В обед сижу в столовке, ковыряю вилкой макароны, слушаю, как Пашка рассказывает про новый сериал, а Федя спорит с Димоном, кто сильнее: Овечкин или какой-нибудь канадский мамонт.
И тут в зал заходит Терехова. В чистой футболке, волосы мокрые после душа, нос уткнула в поднос. Садится через два столика от нас.
Ну что, детка. Самое время.
— Василич сказал, чтоб без всякого…, — начинаю громко, так, чтобы слышали все, и кидаю пацанам многозначительный взгляд, — …допинга.
Слово специально вытягиваю, как наживку на крючке.
Демьян ржет:
— Да кому нужен твой допинг, Яр. Тебе и так крышу срывает.
— Ага, — поддерживает Димон, — ты и без химии шайбами стены пробиваешь.
— Ему и так хватает, — влезает Пашка. — Ты посмотри, у него эго в три раза больше, чем бицепс.
Все смеются, а я краем глаза ловлю реакцию Полины. Она замирает на долю секунды. Маленькая, почти незаметная пауза, но я ее вижу. Вилка зависла над тарелкой, потом девчонка резко продолжает есть, будто ничего и не случилось.
Бинго, Яр!
Я усмехаюсь и делаю вид, что вернулся в разговор парней, но внутри уже щелкнуло: попал в цель.

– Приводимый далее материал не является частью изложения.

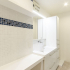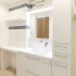 大胆に壁の位置を変え、空間を広げた洗面室。使いやすさとすっきりとした配置を意識し設計しています。収納は洗面化粧台とトールキャビネット、洗濯機上の棚やカウンターなど充実しています。カウンター上部には白いタイルに濃いブルーのモザイクタイルをライン貼りし、清潔感と爽やかさを演出しています。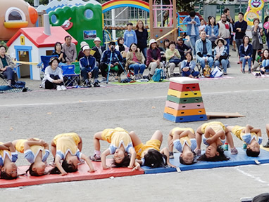 幼いうちから正しく体を動かすことを学ぶのは大切なことです。運動会でも体操教室で学んだ成果を披露します。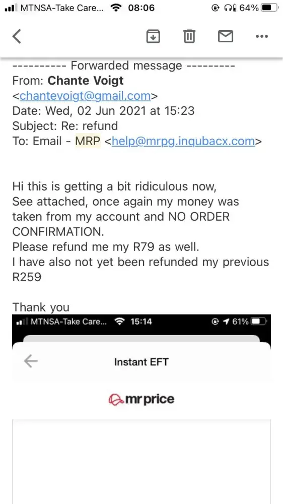 She have sent a few enquiries about her order since the 28th of May 2021 and have communicated with more than one consultant. None of them really assisted her or gave feedback, but send her messages saying they will provide feedback in either 24 or 48 hours. She have sent her proof of payment to each of the consultants. She was told they can't trace her payment, which is weird cos she have a prove of payment with MrPrice's account details and the date and time of payment. Now she has to spend money on data and airtime to contact them and send them documents she has already sent a few times. she just want her money back please.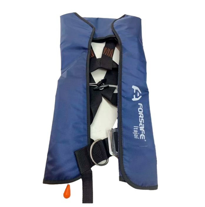 Certificado: ZH21PTB00081; Certificadora Internacional: CCS; Ativação automática (5 segundos após cair na água) ou manual (puxando cordel); Dispositivo de inflação, CO2 cilindro ou tubo de inflação oral.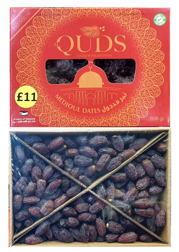 Brand: AL-QUDS Size/Vol.: 908 gm -These sweet, succulent 'Medjoul' Dates harvested near the historical Palestinian town of Jericho are the best we've ever tasted and are a big hit with our customers. This box contains a net weight of 1kg of supreme dates. These are fresh dates and of the highest quality carefully stored under a controlled cooled environment. These have been cultivated on Palestinian land by Palestinian farmers and packed by Palestinian workers.
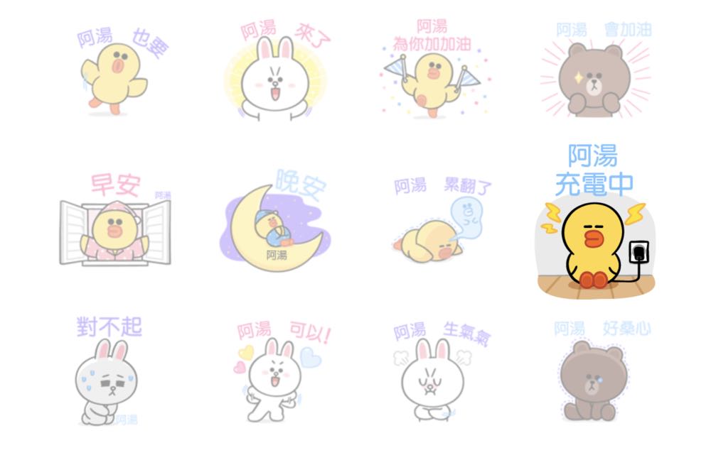 像是輸入「阿湯」,整套的 40 枚貼圖也會變成「阿湯 充電中」、「阿湯 來了」等字樣,是不是貼切的更有趣?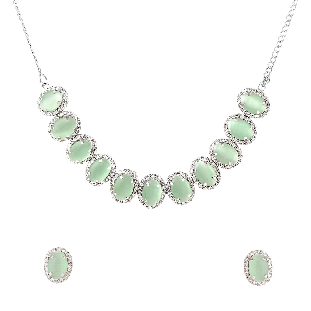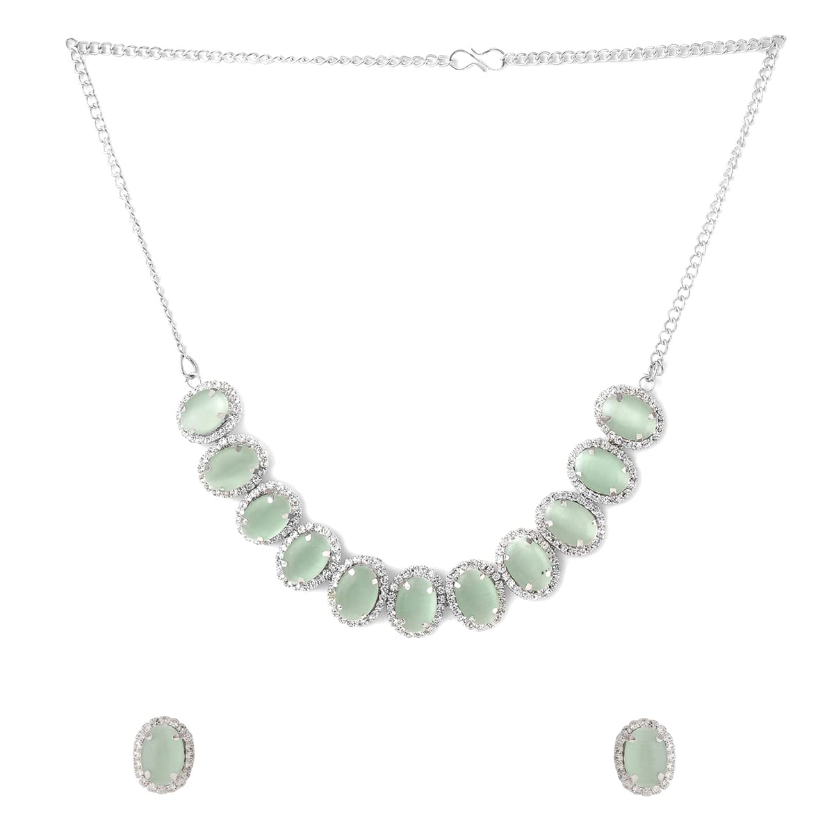 Yellow Chimes Jewellery Set for Women and Girls Crystal Jewellery Set for Women| Gold Plated Green Stone Choker Necklace Set | Birthday Gift for girls and women Anniversary Gift for Wife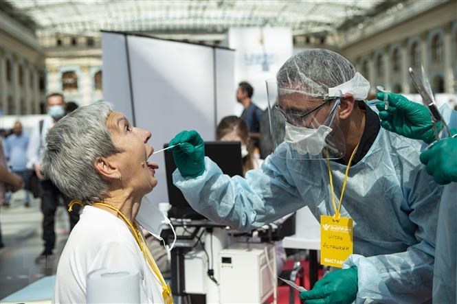 Nhân viên y tế lấy mẫu dịch xét nghiệm Covid-19 cho người dân tại Moskva, Nga, ngày 11.8

Девчонка резко встает, поднос громко шлепается об стол, раздается стук посуды. А Полина выходит из столовки, даже не оборачиваясь.

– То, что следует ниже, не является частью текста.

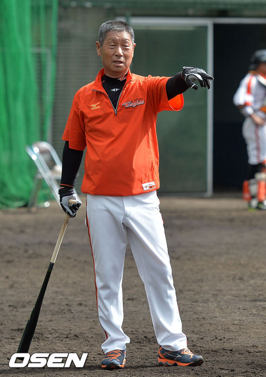 8일 오전 일본 오키나와 고친다 구장에서 한화 이글스 2014 마무리 캠프가 진행됐다. 김성근 감독이 직접 친 펑고를 잡은 김태균에게 다시 지시를 내리고 있다.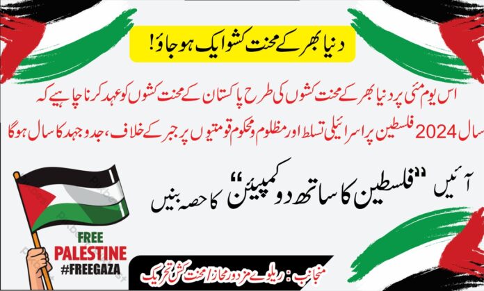 یکم مئی 2024 کے موقع پر، ہم پاکستان بھر کی لڑاکا ٹریڈ یونینز اور فیڈریشنزکے سامنے ملکی سطح پر جمہوری طریقے سے طے شدہ جدوجہد کی بنیاد پر بین الاقوامی ٹریڈ یونین ازم پر عمل کرنے کی خواہش کا اظہار کرتے ہیں۔ اس عمل کے بنیادی مقاصد ایک دوسرے کی تشہیر، حمایت اور ہم اہنگی ہے۔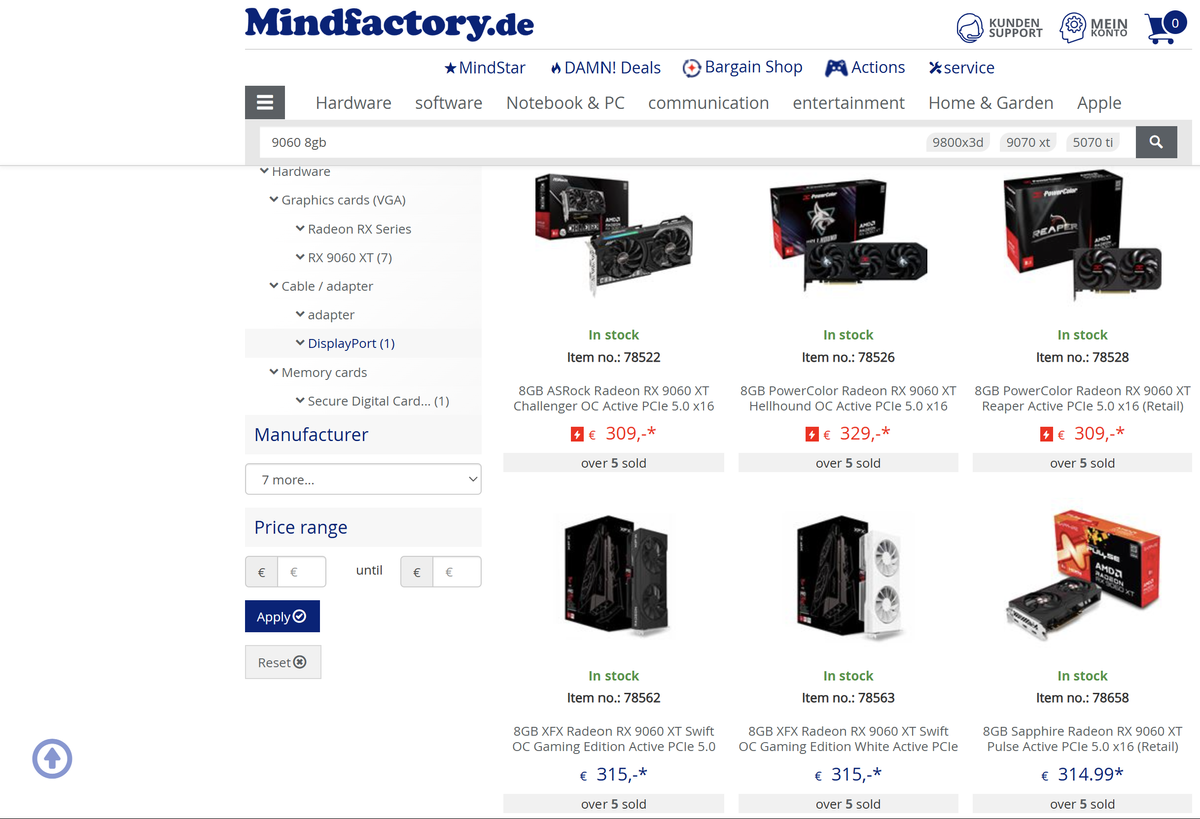 As reported by WCCFTECH, a German retailer, Mindfactory, has a low number of devices sold on NVIDIA RTX 5060 TI (8 GB), and AMD Radeon RX 9060 XT (8 GB), noticeably less than their 16 GB resistance – this is thanks to the retailer showing how many units have been sold on each product.

Ну куда ж ты, моя ледяная стерва? Думаешь, сбежишь?
Небрежно бросаю вилку в тарелку и срываюсь за ней.
Коридор пустой и длинный. Она идет быстро, почти бежит, влажные волосы подскакивают на плечах.
— Эй, Терехова, — догоняю ее и встаю рядом. — Привет.

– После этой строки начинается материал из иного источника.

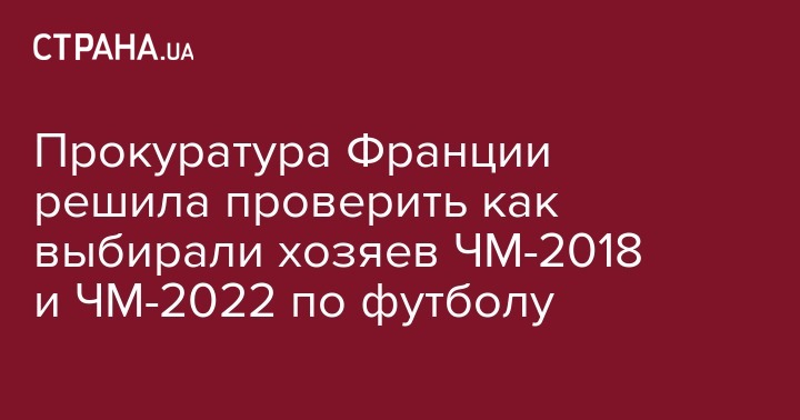 Французские прокуроры расследуют процесс выборов стран-хозяев чемпионатов мира по футболу 2018 и 2022 годов, сообщает Le Monde. ЧМ-2018 пройдет в России, первенство 2022 года состоится в Катаре.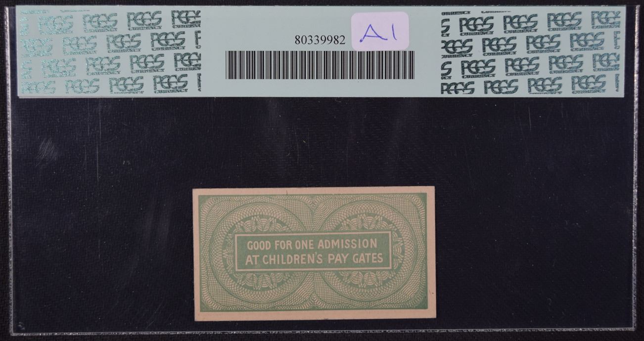 One 1893 Worlds Columbian Exposition Childrens Ticket PCGS 65PPQ.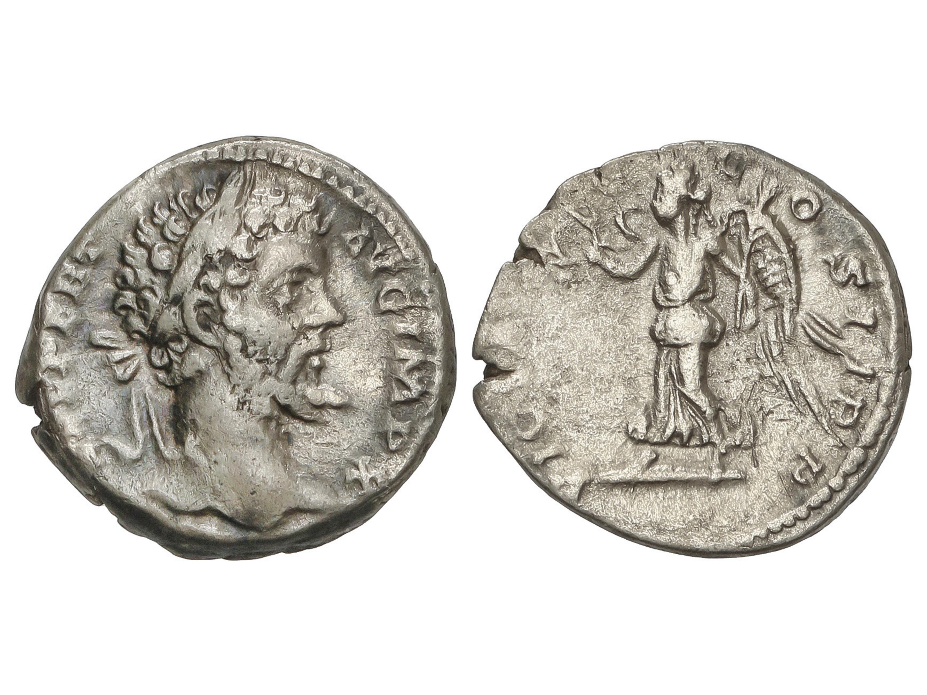 Denario. 197-198 d.C. SEPTIMIO SEVERO. Anv.: L. SEPT. SEV. PERT. AVG. IMP. X. Cabeza laureada a derecha. Rev.: VICT. AVGG. COS. II P. P. Victoria a izquierda. 2,52 grs. AR. (Oxidaciones). C-694; RIC-120.

— Чего тебе, Ярослав? — бросает она, даже не глядя на меня.
Я нагибаюсь ближе к ее уху, почти касаясь дыханием:
— Мне бы спину помассировать. Приходи сегодня вечером ко мне в комнату, никто нам не помешает.
Терехова резко тормозит, медленно поворачивает голову. Взгляд, как скальпель, острый и дико опасный.
И тут за нашими спинами раздаются гулкие шаги.
Я оборачиваюсь и вижу Василича. Он идет по коридору, руки за спиной, морда каменная. Но глаза… мать его, эти глаза прожигают насквозь.
Я чувствую себя пацаном, пойманным за сигаретой за углом спортшколы.
Полина вдруг ядовито улыбается. И тихо, едва двигая губами, шепчет:
— Сейчас у папы разрешения спрошу. Можно мне к тебе сегодня вечером в комнату или нет.
И кидает взгляд в сторону тренера.
Я сглатываю, спина покрывается холодным потом.
Вот же черт.
Я, Ярослав Анисимов, нападающий, которого боятся вратари и защитники всей лиги, впервые за долгое время реально очкую.